Please restate the records below verbatim, omitting every image they hold.

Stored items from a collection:
========================================

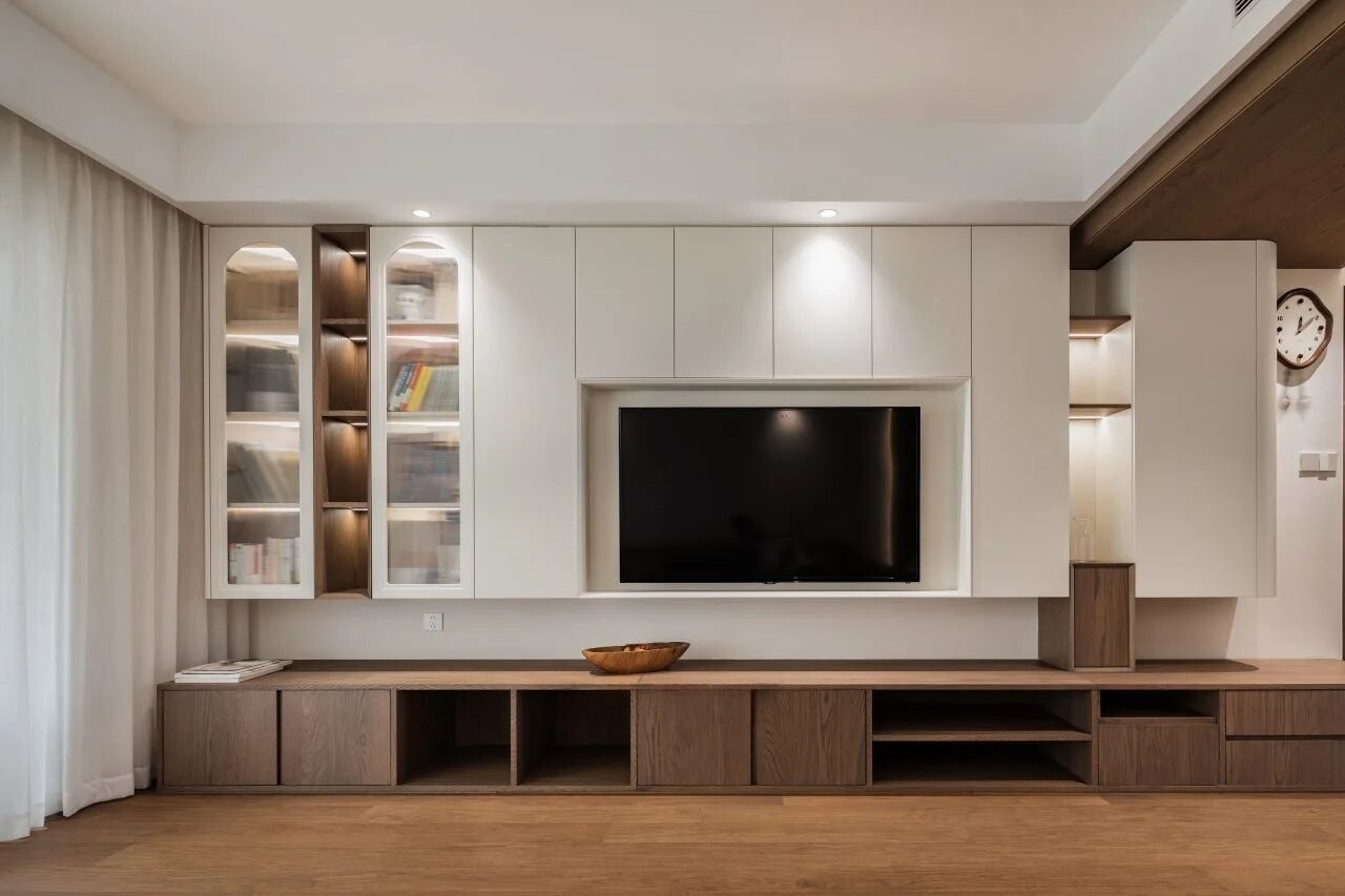 本案最出圈的设计点在于全屋的定制柜,光对图纸就对了4遍,每一个设计细节许工都亲自拿捏。嵌入式电视机背景柜,定制一体式超长版电视机柜,每一项都很加分。
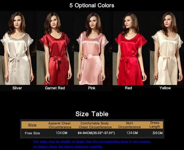 Women’s Silk Pajamas,1-Piece Nightdress Sleepwear,Loose&Free Size,100% Silk(Main),5 Colors,真丝睡衣
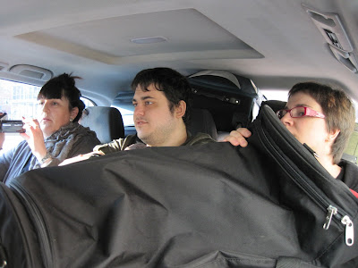 Siguiendo con las anécdotas dentro de los taxis: el domingo por la mañana casi todos nos fuimos a la feria a echar un último vistazo y desde allí para el aeropuerto. Así que desayunamos, hicimos el chek-out, cargamos todo el equipaje en un taxi como pudimos y para la feria. No sabemos cómo, pero el taxista con una delicadeza máxima nos colocó las maletas de una manera genial y sin problemas (vaya cambio respecto al "taxista loco"). Al cabo de 5 minutos Anna empezó a notar algo de aire y los demás asentimos y empezamos todos a mirar de dónde venía... hasta que Anna exclamó: "¡¡¡¡El maletero está abiertooooooooo!!!!" Efectivamente, íbamos en un taxi de 8 plazas, todo lleno de maletas a presión y cargadas de todas las compras de la feria, a no sé cuánta velocidad y con el maletero abierto. Así que empezamos a gritar STOPPPPP, STOPPPPP y el taxista paró el coche, se bajó descojonándose de nuestro histerismo y cerró la puerta. Después del pequeño susto las risas fueron buenas.
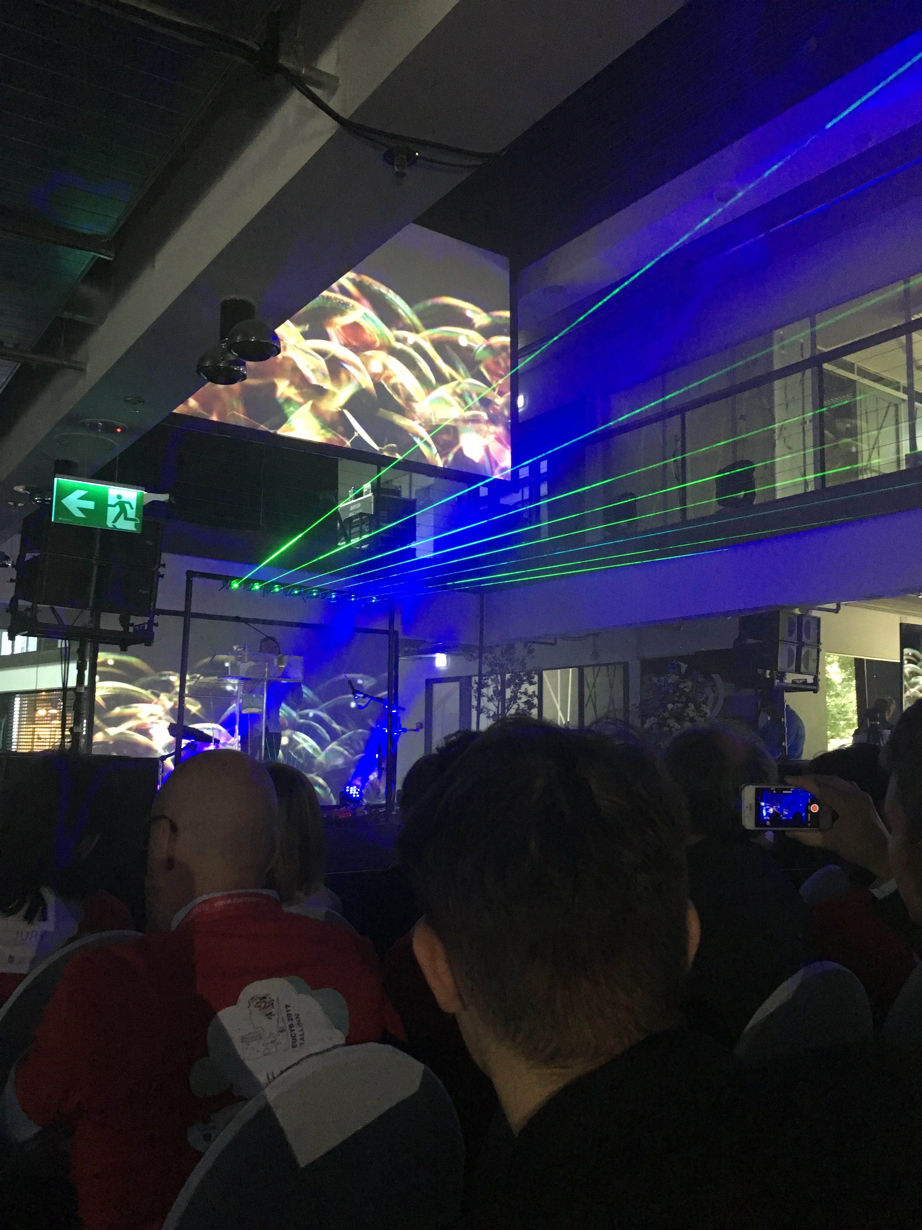 Efter invigningsceremonin började utställningen på riktigt och nervösa som vi var pratade vi med så många som möjligt för att öva upp engelskan och slippa tänka på juryn. Till sist kom det också en jurymedlem till oss. Ingen vila och ingen ro som man lätt kan tänka när vi fort efter jurymedlemmen gått skulle med bussarna till underhållningen och middagen. Vi fick åka till ett mycket coolt museum med många olika saker att göra, många knappar att trycka på och olika instrument att spela på. Vi blev indelade i grupper och fick lite uppgifter att göra vilket var jättekul. Vi fick också gå på några intressanta föreläsningar och dansa en rolig dans. Nu är vi tillbaka på hotellet (vilket är jättefint) och laddar inför morgondagen fylld av nya jurymedlemmar och erfarenheter!
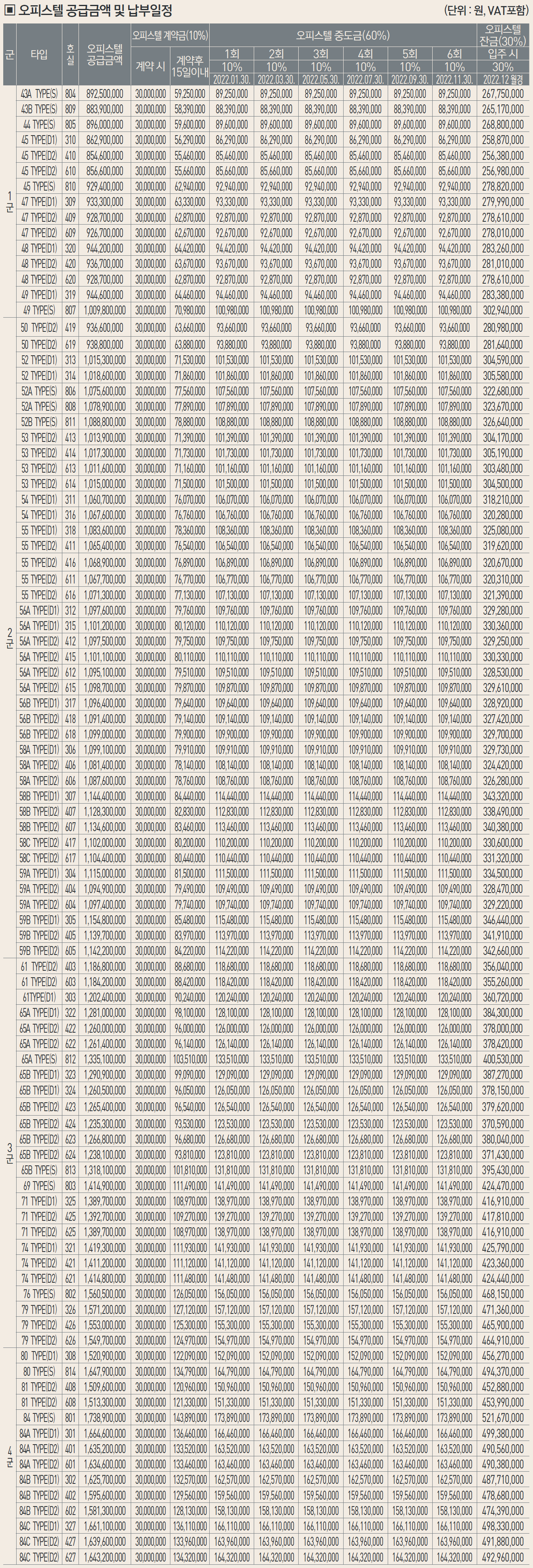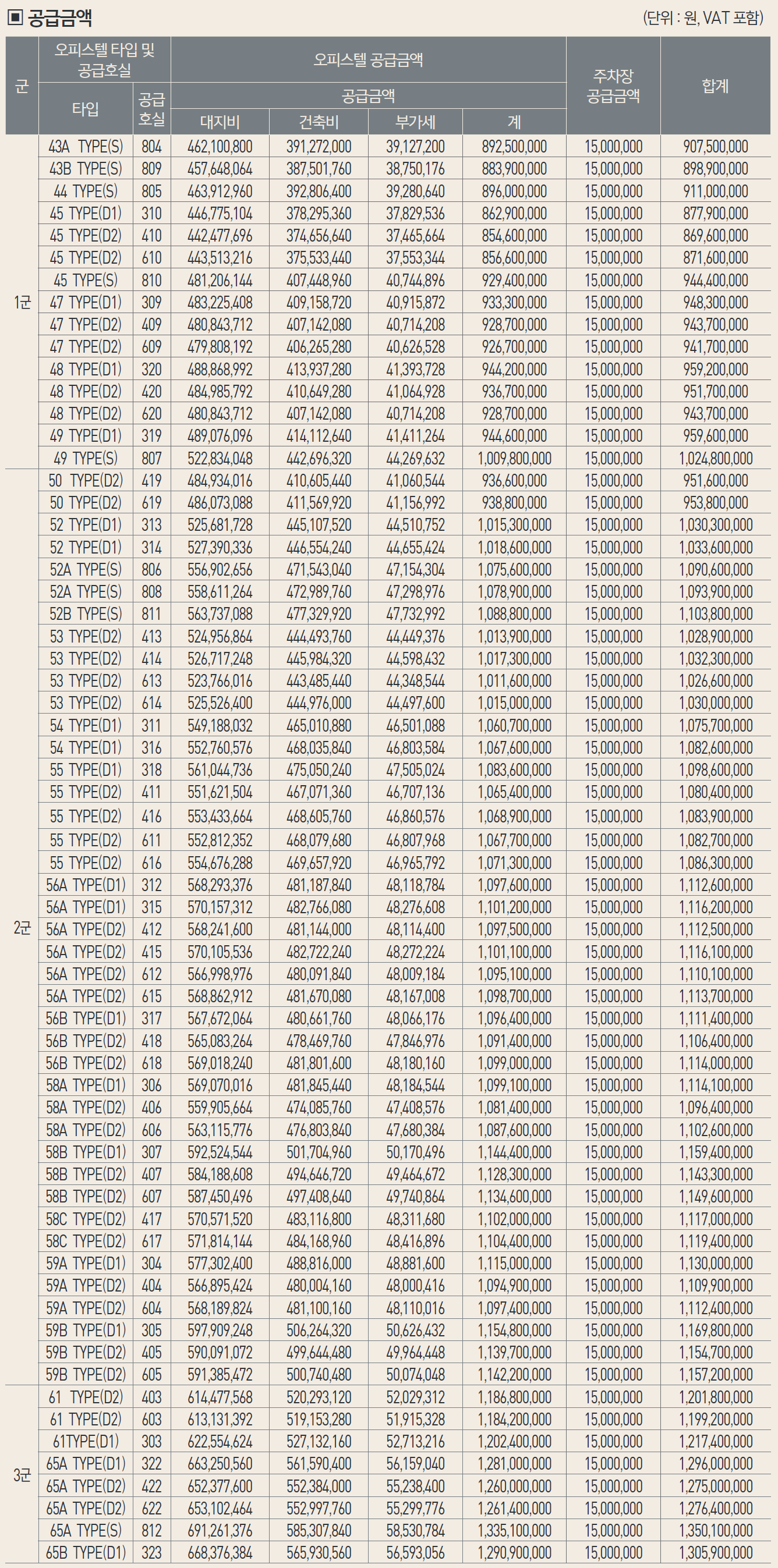 - 오피스텔뿐만 아니라 주차장도 함께 공급되는 것이 특징입니다. 윗 금액은 오피스텔과 주차장 분양가의 합입니다. 자세한 사항은 아래를 참고해주세요.
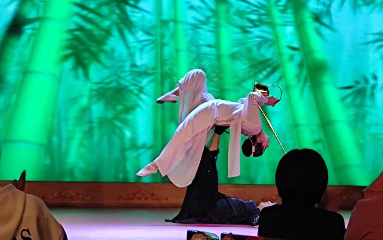 让我很震撼的一个是茶壶艺术表演,首先是后边的背景做得太美了,平日里我就很喜欢国风类的画面,这个表演每个场景都做得精美绝伦,宛若仙境,演员们也都是神采俊秀。
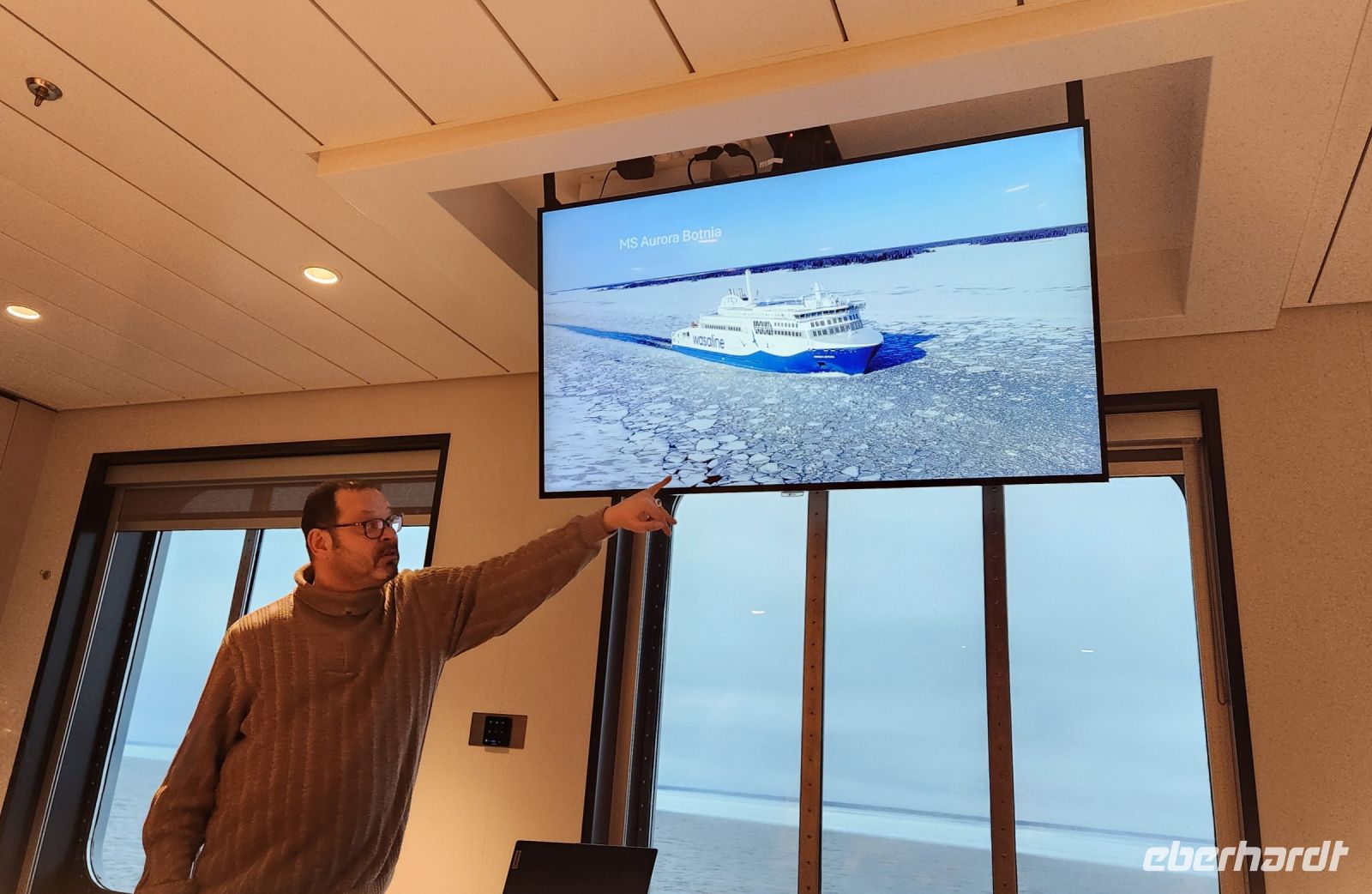 Während eines Vortrages in einem Konferenzraum des Schiffes erfahren wir viel Wissenswertes über das Schiff und die Polarlichter.
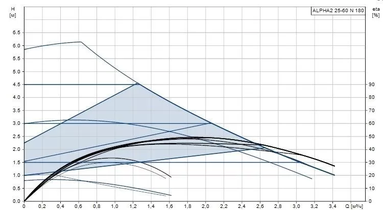 Циркуляционный насос Grundfos ALPHA2 25-60 N NEW используется для циркуляции воды или гликольсодержащих жидкостей в регулируемых системах отопления и в системах отопления с переменным расходом. ALPHA2 NEW оснащены 10 режимами управления: 3 режима фиксированной скорости, 3 режима пропорционального давления, 3 режима постоянного давления и наиболее энергоэффективный режим для работы в контуре с радиаторами: режим AUTOADAPT.
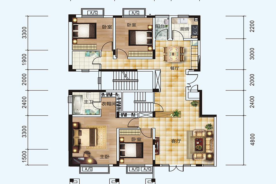 有一定比例商场、超市、学校、医院等配套设施,在1500-2000米范围内有商场、超市、学校、医院。

========================================

EXPECTED ANSWER -
 本案最出圈的设计点在于全屋的定制柜,光对图纸就对了4遍,每一个设计细节许工都亲自拿捏。嵌入式电视机背景柜,定制一体式超长版电视机柜,每一项都很加分。
 Women’s Silk Pajamas,1-Piece Nightdress Sleepwear,Loose&Free Size,100% Silk(Main),5 Colors,真丝睡衣
 Siguiendo con las anécdotas dentro de los taxis: el domingo por la mañana casi todos nos fuimos a la feria a echar un último vistazo y desde allí para el aeropuerto. Así que desayunamos, hicimos el chek-out, cargamos todo el equipaje en un taxi como pudimos y para la feria. No sabemos cómo, pero el taxista con una delicadeza máxima nos colocó las maletas de una manera genial y sin problemas (vaya cambio respecto al "taxista loco"). Al cabo de 5 minutos Anna empezó a notar algo de aire y los demás asentimos y empezamos todos a mirar de dónde venía... hasta que Anna exclamó: "¡¡¡¡El maletero está abiertooooooooo!!!!" Efectivamente, íbamos en un taxi de 8 plazas, todo lleno de maletas a presión y cargadas de todas las compras de la feria, a no sé cuánta velocidad y con el maletero abierto. Así que empezamos a gritar STOPPPPP, STOPPPPP y el taxista paró el coche, se bajó descojonándose de nuestro histerismo y cerró la puerta. Después del pequeño susto las risas fueron buenas.
 Efter invigningsceremonin började utställningen på riktigt och nervösa som vi var pratade vi med så många som möjligt för att öva upp engelskan och slippa tänka på juryn. Till sist kom det också en jurymedlem till oss. Ingen vila och ingen ro som man lätt kan tänka när vi fort efter jurymedlemmen gått skulle med bussarna till underhållningen och middagen. Vi fick åka till ett mycket coolt museum med många olika saker att göra, många knappar att trycka på och olika instrument att spela på. Vi blev indelade i grupper och fick lite uppgifter att göra vilket var jättekul. Vi fick också gå på några intressanta föreläsningar och dansa en rolig dans. Nu är vi tillbaka på hotellet (vilket är jättefint) och laddar inför morgondagen fylld av nya jurymedlemmar och erfarenheter!
 - 오피스텔뿐만 아니라 주차장도 함께 공급되는 것이 특징입니다. 윗 금액은 오피스텔과 주차장 분양가의 합입니다. 자세한 사항은 아래를 참고해주세요.
 让我很震撼的一个是茶壶艺术表演,首先是后边的背景做得太美了,平日里我就很喜欢国风类的画面,这个表演每个场景都做得精美绝伦,宛若仙境,演员们也都是神采俊秀。
 Während eines Vortrages in einem Konferenzraum des Schiffes erfahren wir viel Wissenswertes über das Schiff und die Polarlichter.
 Циркуляционный насос Grundfos ALPHA2 25-60 N NEW используется для циркуляции воды или гликольсодержащих жидкостей в регулируемых системах отопления и в системах отопления с переменным расходом. ALPHA2 NEW оснащены 10 режимами управления: 3 режима фиксированной скорости, 3 режима пропорционального давления, 3 режима постоянного давления и наиболее энергоэффективный режим для работы в контуре с радиаторами: режим AUTOADAPT.
 有一定比例商场、超市、学校、医院等配套设施,在1500-2000米范围内有商场、超市、学校、医院。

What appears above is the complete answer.